Begin your copy at the line with "This stunning S925" in the records below and end it at the line with "(rl) Nachdem alle", restating each line word for word; omit the pictures.

▸ Listed entries:
------------------------------------------------------------------------
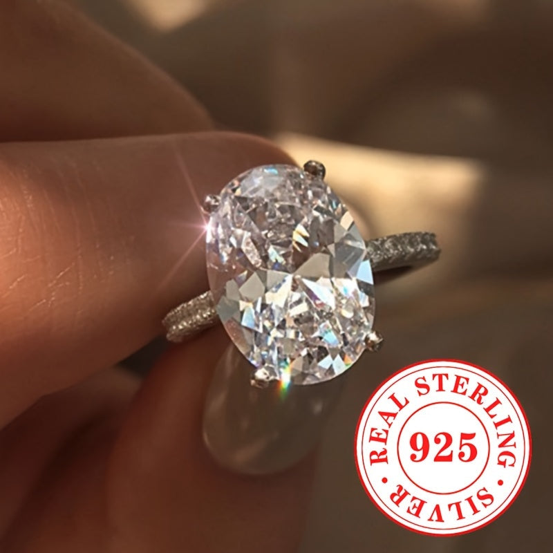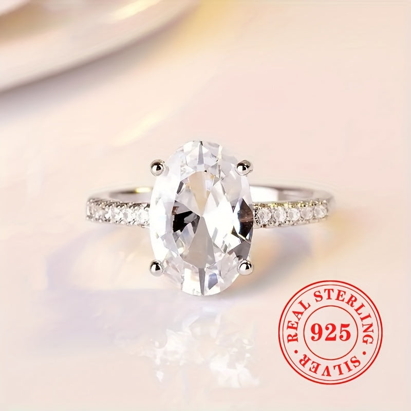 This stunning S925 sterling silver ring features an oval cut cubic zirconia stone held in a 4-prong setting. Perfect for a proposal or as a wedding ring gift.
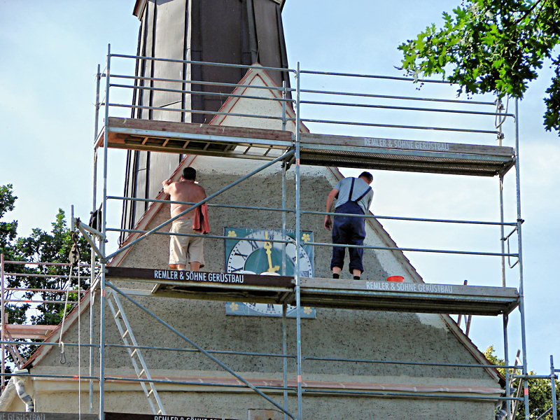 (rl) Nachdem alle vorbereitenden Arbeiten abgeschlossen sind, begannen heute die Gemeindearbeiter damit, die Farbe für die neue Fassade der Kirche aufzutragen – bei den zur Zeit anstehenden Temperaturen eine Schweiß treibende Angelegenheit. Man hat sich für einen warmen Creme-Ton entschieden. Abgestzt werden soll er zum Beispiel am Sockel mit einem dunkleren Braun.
------------------------------------------------------------------------
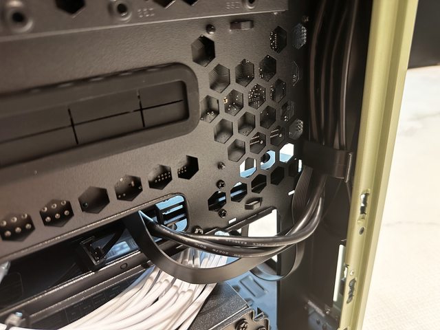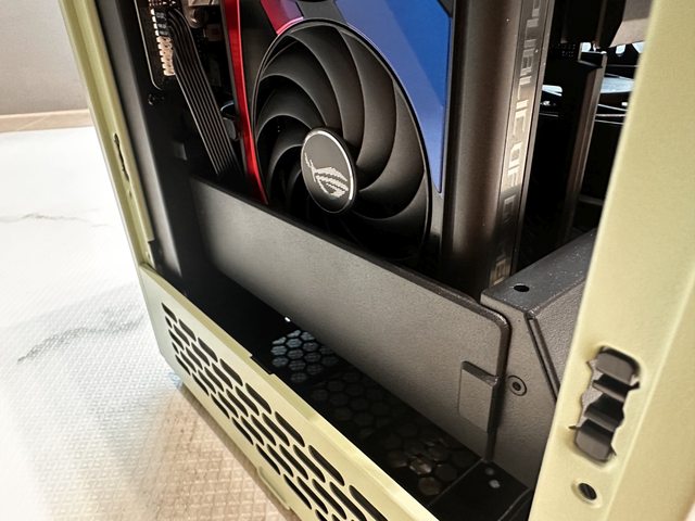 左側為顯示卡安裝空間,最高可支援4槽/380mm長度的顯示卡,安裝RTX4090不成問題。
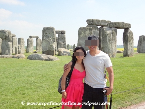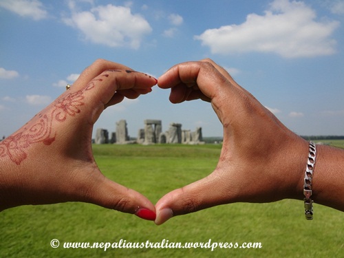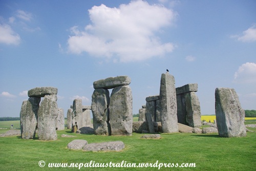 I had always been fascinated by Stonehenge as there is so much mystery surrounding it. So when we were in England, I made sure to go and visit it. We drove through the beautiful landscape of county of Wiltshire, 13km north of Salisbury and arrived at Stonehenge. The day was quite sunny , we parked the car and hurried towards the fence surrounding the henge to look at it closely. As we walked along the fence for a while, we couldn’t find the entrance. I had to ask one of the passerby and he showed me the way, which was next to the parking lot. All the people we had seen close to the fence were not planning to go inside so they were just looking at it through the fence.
------------------------------------------------------------------------
▸ Your solution:
 This stunning S925 sterling silver ring features an oval cut cubic zirconia stone held in a 4-prong setting. Perfect for a proposal or as a wedding ring gift.
 (rl) Nachdem alle vorbereitenden Arbeiten abgeschlossen sind, begannen heute die Gemeindearbeiter damit, die Farbe für die neue Fassade der Kirche aufzutragen – bei den zur Zeit anstehenden Temperaturen eine Schweiß treibende Angelegenheit. Man hat sich für einen warmen Creme-Ton entschieden. Abgestzt werden soll er zum Beispiel am Sockel mit einem dunkleren Braun.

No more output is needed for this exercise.